Potassium is found in most of the body in the form of electrolyte and abundant in the digestive tract.

In the body, potassium is usually working with sodium or sodium (Na) to regulate the bodys electrolyte balance charge. This balance is maintained by adjusting the amount of potassium intake from foods and the amount of potassium removed.


For adequate intake of potassium for the body, you can eat some foods, as quoted from Healthmeup, below.

1. Baked potato. A baked potato with skin contains 840 mg of potassium. Potatoes suitable for a diet, because a large potato with skin contains only 160 calories.

2. Melon.

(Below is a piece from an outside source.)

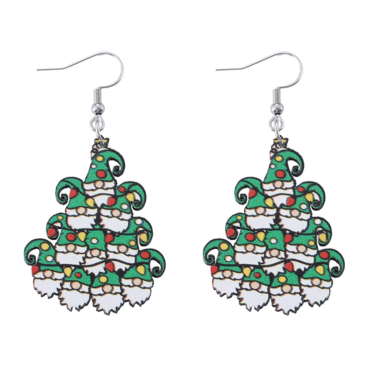 Wholesale hristmas lights dwarf Christmas tree pendant earrings wooden double-sided earrings

One piece of melon contains 60 calories, but rich in potassium as much as 680 mg. Melon delicious eaten just like that, processed sebaghai drink or in your salad bowl.

3. Raisins. The dried grapes are also rich in potassium. A half cup of raisins contains 555 mg of potassium. Used as a complementary bowl of delicious raisin oatmeal you at breakfast. In addition, the raisins are also a type of dried fruit that can supply energy because it is easily absorbed.

4. Avocado. Fruit is often referred to as fruit butters this one, containing 602 mg of potassium. Avocados can be processed as juice, mixed salad, or dionsumsi granted.

5. Dried apricots. If you like to eat dried fruit, dried apricots can be the right choice. Half a cup of apricots contains as much as 480 mg of potassium.

6. Tomato juice. One of the complementary manufacturing of this sauce not only contains lycopene, but also enriched with potassium. In one cup of tomato juice, you will get the benefits of 480 mg of potassium.

7. Orange juice. In addition to the wealth of vitamin C, orange juice also has the benefit of as many as 503 mg of potassium in each glass. Orange juice can be enjoyed at breakfast or lunch before heading.

8. Yoghurt. There are many reasons for you to enjoy a dish of yogurt. In addition to natural fibers, yogurt is fortified with 530 mg of potassium in each cup. Add yogurt pure in fruit salad, or a refreshing glass of smoothie.